I did as I was told and got ten spoonfuls of cold soup and the handful of crumbs that were left in the breadbasket, which I shook into the bowl as well. As I ate, I smiled at the Stones. This is certainly a joke, I thought. They must have hidden my real dinner in the pantry!
“And now you can clean up with me,” Mrs. Stone ordered. “Mind you, remember where everything goes. Starting tomorrow I won’t be helping you anymore.”
Two hours later, as I laid my mattress crossways in front
of the door, I was still expecting someone to come and bring me my dinner. But one after the other, the Stones brushed their teeth at the tiny sink in the washroom and went to bed.

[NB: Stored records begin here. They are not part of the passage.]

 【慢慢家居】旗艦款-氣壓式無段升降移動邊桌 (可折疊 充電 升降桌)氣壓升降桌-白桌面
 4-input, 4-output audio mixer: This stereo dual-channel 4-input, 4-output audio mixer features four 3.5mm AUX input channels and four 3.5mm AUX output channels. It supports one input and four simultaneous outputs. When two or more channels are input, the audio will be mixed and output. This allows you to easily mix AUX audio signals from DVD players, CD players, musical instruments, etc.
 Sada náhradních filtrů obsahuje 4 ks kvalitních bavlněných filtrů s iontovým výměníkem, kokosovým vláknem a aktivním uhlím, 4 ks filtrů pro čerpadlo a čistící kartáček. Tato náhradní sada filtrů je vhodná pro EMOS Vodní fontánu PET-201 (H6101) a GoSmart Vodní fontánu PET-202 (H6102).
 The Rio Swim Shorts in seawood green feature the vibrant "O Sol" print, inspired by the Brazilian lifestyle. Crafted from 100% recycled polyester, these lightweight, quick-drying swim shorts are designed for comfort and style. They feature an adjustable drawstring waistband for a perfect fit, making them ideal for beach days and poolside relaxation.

In spite of my hopefulness, it became quiet, quieter, and finally completely silent outside the door.
Only Rachel whined in her bed. “I want a story!”
“I don’t know any,” I said, now indeed close to tears. “I’m too hungry.”

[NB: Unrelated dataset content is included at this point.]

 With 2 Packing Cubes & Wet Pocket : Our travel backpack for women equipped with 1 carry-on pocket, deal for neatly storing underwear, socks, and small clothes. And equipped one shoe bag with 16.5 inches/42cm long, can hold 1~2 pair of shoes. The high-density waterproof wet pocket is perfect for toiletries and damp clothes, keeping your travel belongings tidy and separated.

“But Mum said you have to tell us our stories now! I’ll call Mum if you don’t!”
I was starting to understand how things worked in this house.
After about four days, Mrs. Collins began to wonder why I came to school with my suitcase every day. “Surely you’re not so bold as to try another escape right under my nose?” she asked distrustfully.

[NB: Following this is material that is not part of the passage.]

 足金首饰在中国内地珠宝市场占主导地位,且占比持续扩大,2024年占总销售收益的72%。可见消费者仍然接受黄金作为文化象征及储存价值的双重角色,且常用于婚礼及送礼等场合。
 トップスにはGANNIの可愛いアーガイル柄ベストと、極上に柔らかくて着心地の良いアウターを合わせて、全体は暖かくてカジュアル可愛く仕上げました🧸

“I can’t leave the suitcase unguarded, or the Stones will steal my things,” I explained truthfully.
Mrs. Collins sighed. “I’ve seldom met a child so prone to exaggeration,” she remarked, and just seeing me drawing breath, she cut me off before I could say anything else. “I know you’d say anything to get back to London, but I can’t do anything about it, do you understand?” she asked irritably. “You’re here now, and until an authorized person turns up and convinces me otherwise, you will stay here!”
The local teachers had decided that their school was too small to house another class. And so we met on the village green, the other children sitting on blankets and I on my suitcase, and Mrs. Collins looking anxiously at the heavens
whenever even the tiniest cloud appeared. She had to teach outdoors and she wasn’t in the mood for any more problems.
“But I’m not lying!” I defended myself with a trembling voice, to which she didn’t respond. She did tolerate my carrying all my possessions around with me after that, though.
If there was anyone in the Stone household who ranked lower than me, it was Dolf, the dog. The large, shaggy mutt was shoved and ordered around and even kicked if he didn’t get out of the way. Even little Rachel called to him disdainfully, “Ey, Dolf!” He and I became friends almost immediately.
“May I take Dolf for a walk?” I asked during the midday break.
Mrs. Stone decided that I could have the afternoon free between washing up after lunch and setting the dinner table. Four hours for me, four hours without the Stones! I didn’t even have to take Luke with me.